Two-headed ray discovered by Monash University researcher in Melbourne
AN Australian researcher has discovered a ray with two heads - the first two-hedaed ray or shark to be found in the country and one of few in the world.
AN Australian researcher has discovered a ray with two heads - the first two-headed ray or shark to be found in the country and one of few in the world.
Leonardo Guida, a doctoral student at Monash University in Melbourne, made the find while caring for pregnant rays in an aquarium.
He said he was taking notes on baby rays born in April this year when an "oddly shaped, pale object in the water'' stood out.
It turned out to be a stillborn ray - with two heads - a defect that arises when the neural tube (like a spinal cord) in a single fertilised egg is duplicated. It can also happen when an embryo begins to divide into two to form twins, but is stopped prematurely.
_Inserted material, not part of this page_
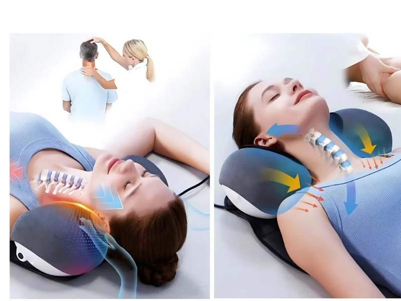 Spodní vzduchová komora se nafukuje/vyfukuje, aby jemně zvedla hlavu a vytvořila kontrolovaný trakční efekt, který otevírá stlačené klouby a podporuje zdravé zakřivení krční páteře.

The researchers caught the southern fiddler rays by hand while scuba diving in Swan Bay, a semi-enclosed section of Port Phillip Bay south of Melbourne, home to heavy ship traffic that has recently undergone extensive dredging.
This developed, combined with the fact that rays eat bottom-dwelling creatures, may have exposed these animals to significant levels of pollutants.
But whether or not they could've caused this birth defect is unknown, the researcher noted.